[Collected data]
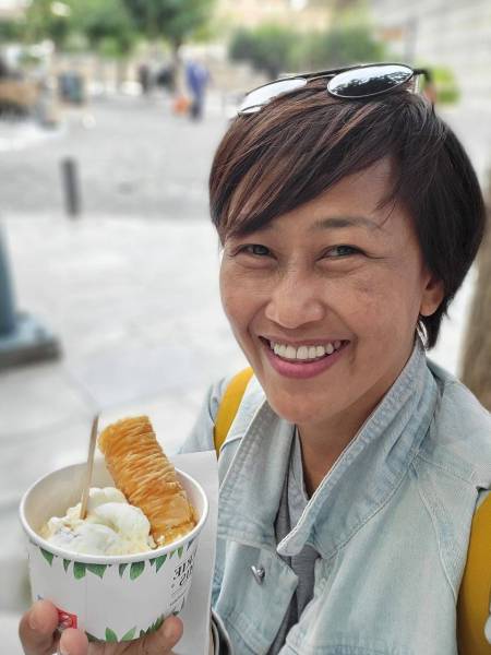ตอนเย็น แวะซื้อไอศกรีม และอาหารไทยจากร้าน Tuk Tuk ที่คิวยาวเหยียด ซื้อกลับมากินที่บ้านพร้อมน้ำพริกกะปิและทอดมันปลา—ของแถมจากพี่แม่ครัวคนไทยสองคนที่ยุ่งมากแต่ยังอุตส่าห์ส่งยิ้มทักทายกับพวกเรา
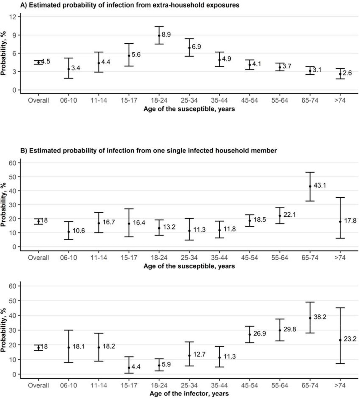 Young adults had the highest risk of extra-household infection, whereas 65-74-year-olds were at the highest risk of contracting COVID-19 from an infected person at home at a rate of 22.1%. Surprisingly, this high risk was not observed in family members aged more than 74 years.
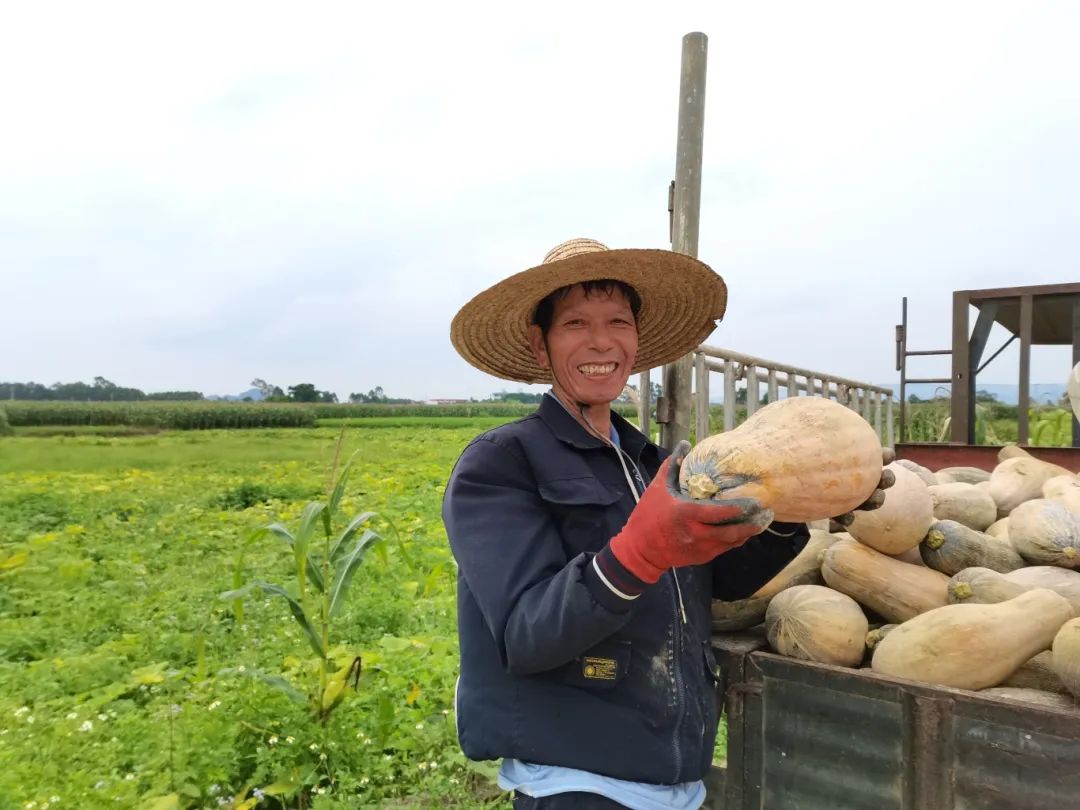 蜜本南瓜丰收,瓜农脸上洋溢着笑容。

[Your assignment] Return exactly the lines from the line with "Young adults had" through the last line of the data above, both included; pictures do not go in the answer.

[Response for this exercise]
 Young adults had the highest risk of extra-household infection, whereas 65-74-year-olds were at the highest risk of contracting COVID-19 from an infected person at home at a rate of 22.1%. Surprisingly, this high risk was not observed in family members aged more than 74 years.
 蜜本南瓜丰收,瓜农脸上洋溢着笑容。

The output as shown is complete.